What is expected: Write the listing below out again in full, dropping its pictures.

(Collected material)

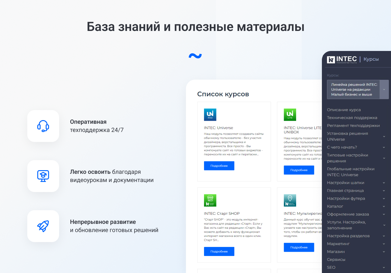 - Модуль INTEC.SEO для автоматического продвижения в поисковиках.
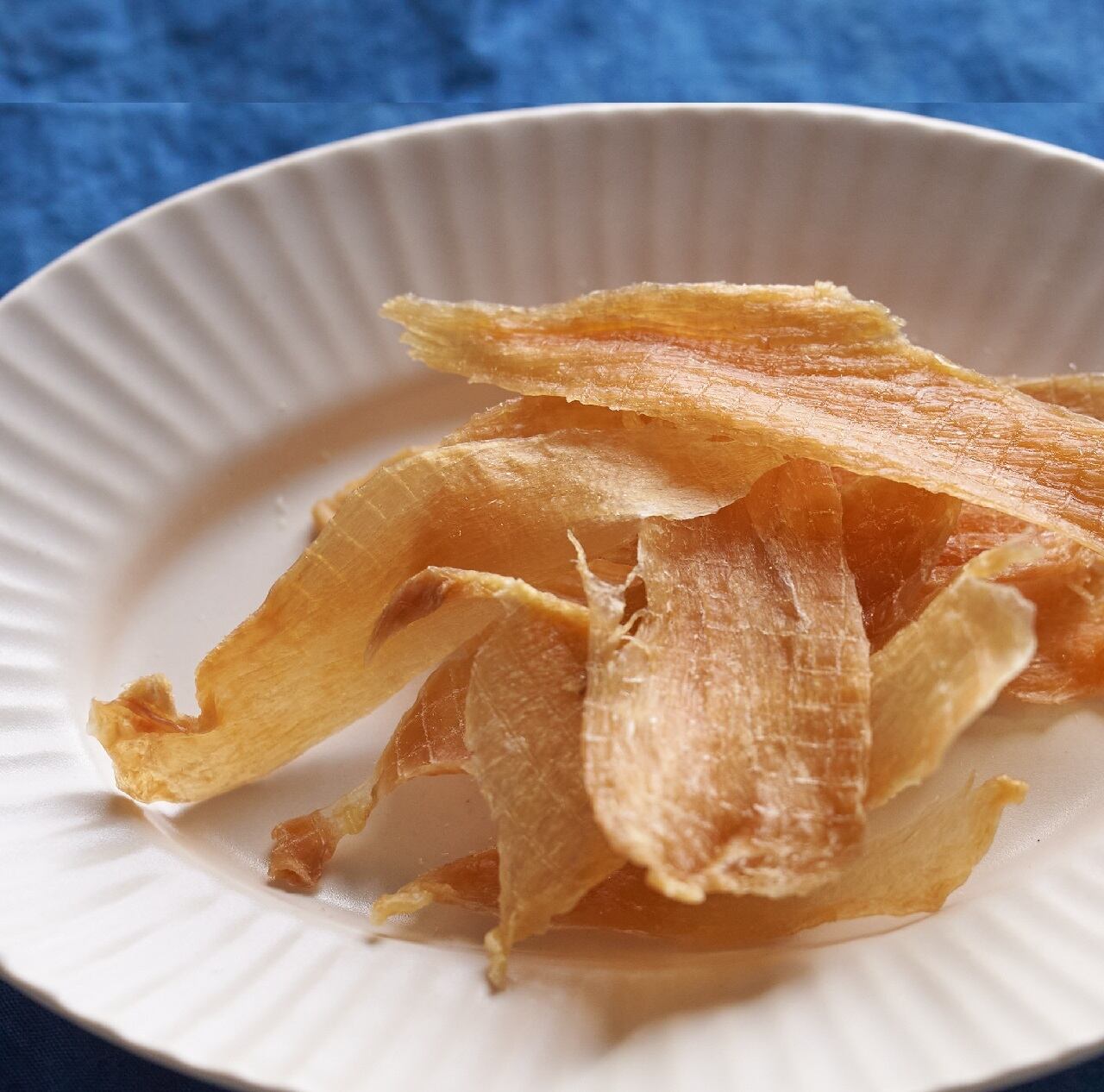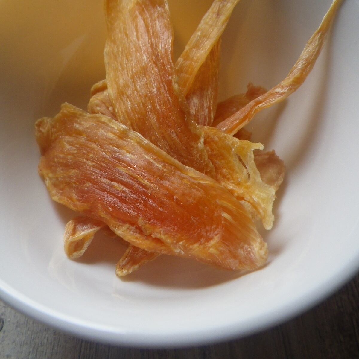 通常の鶏むねジャーキーよりさらに薄くスライスさせました。小型犬やシニアのワンちゃんでも食べやすくなっています。
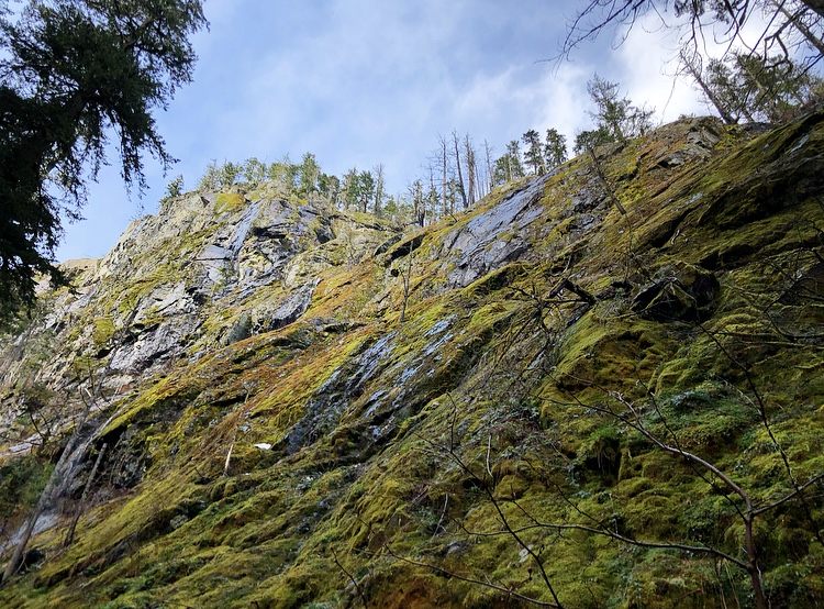 While I knew we would be walking on a road to get to the overlook, I had no idea it was because the road had been washed out. The hike starts at the Madison Falls parking area, and a short, moderately steep bypass trail took us around the washed out section. This is the only area of the hike within the woods adjacent to the road, but I enjoyed walking on the old road significantly more. Strictly for the abandoned buildings and overgrown brush.
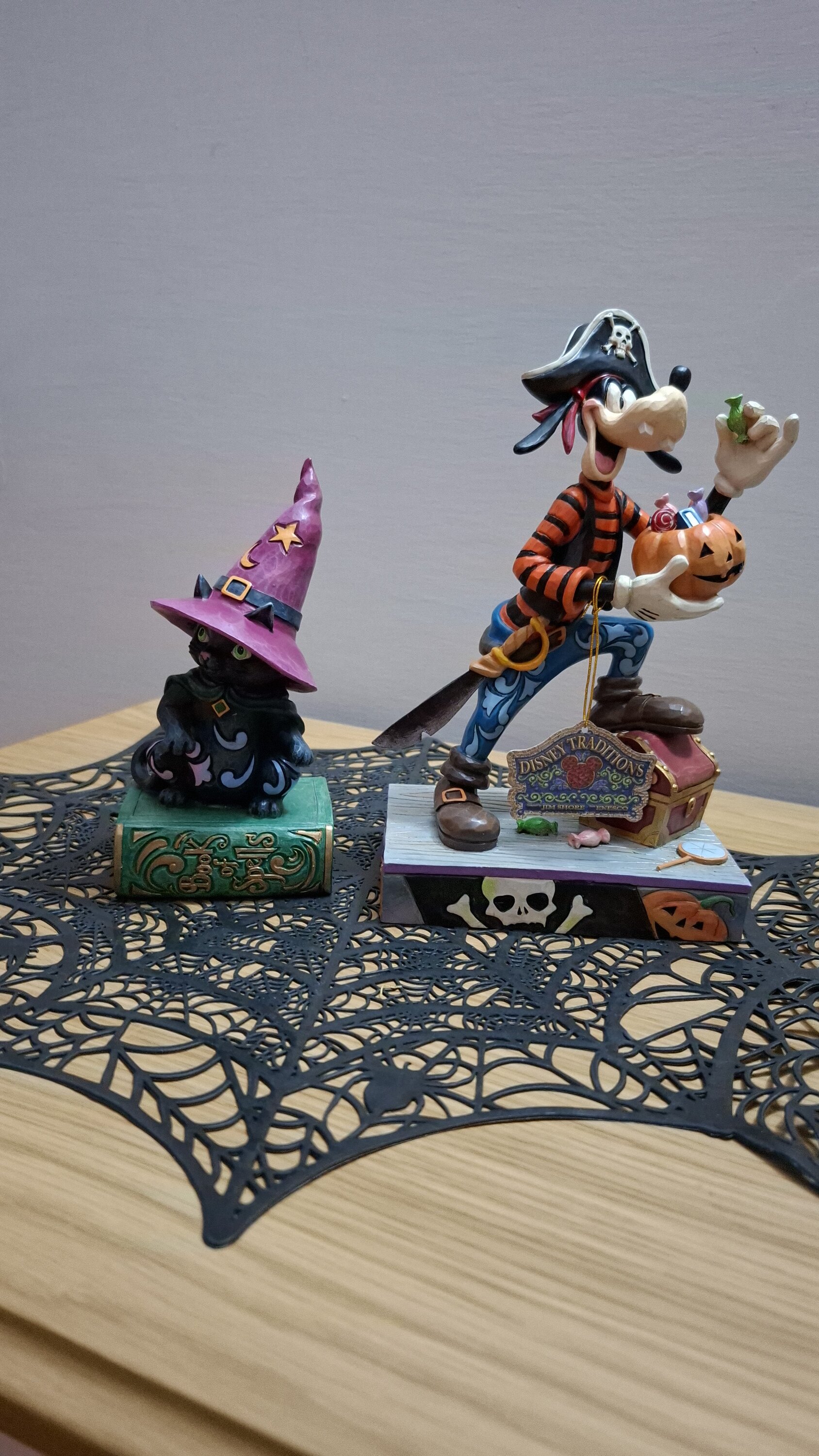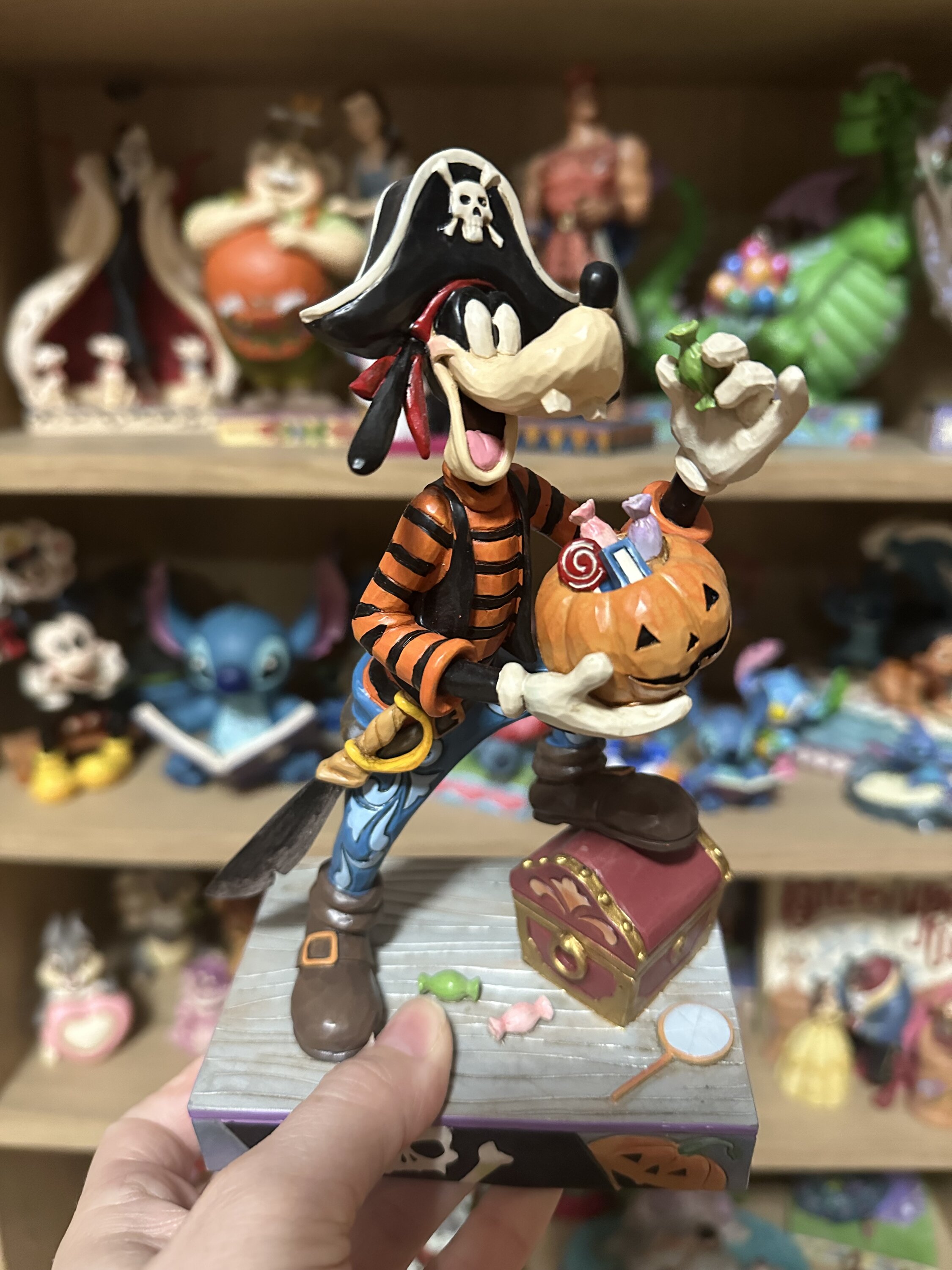 Pippo è tutto vestito e pronto per Halloween nel suo costume da pirata. Progettato da Jim Shore per la collezione Disney Traditions, è scolpito e dipinto a mano.

(End Collected material)

Written response:
 - Модуль INTEC.SEO для автоматического продвижения в поисковиках.
 通常の鶏むねジャーキーよりさらに薄くスライスさせました。小型犬やシニアのワンちゃんでも食べやすくなっています。
 While I knew we would be walking on a road to get to the overlook, I had no idea it was because the road had been washed out. The hike starts at the Madison Falls parking area, and a short, moderately steep bypass trail took us around the washed out section. This is the only area of the hike within the woods adjacent to the road, but I enjoyed walking on the old road significantly more. Strictly for the abandoned buildings and overgrown brush.
 Pippo è tutto vestito e pronto per Halloween nel suo costume da pirata. Progettato da Jim Shore per la collezione Disney Traditions, è scolpito e dipinto a mano.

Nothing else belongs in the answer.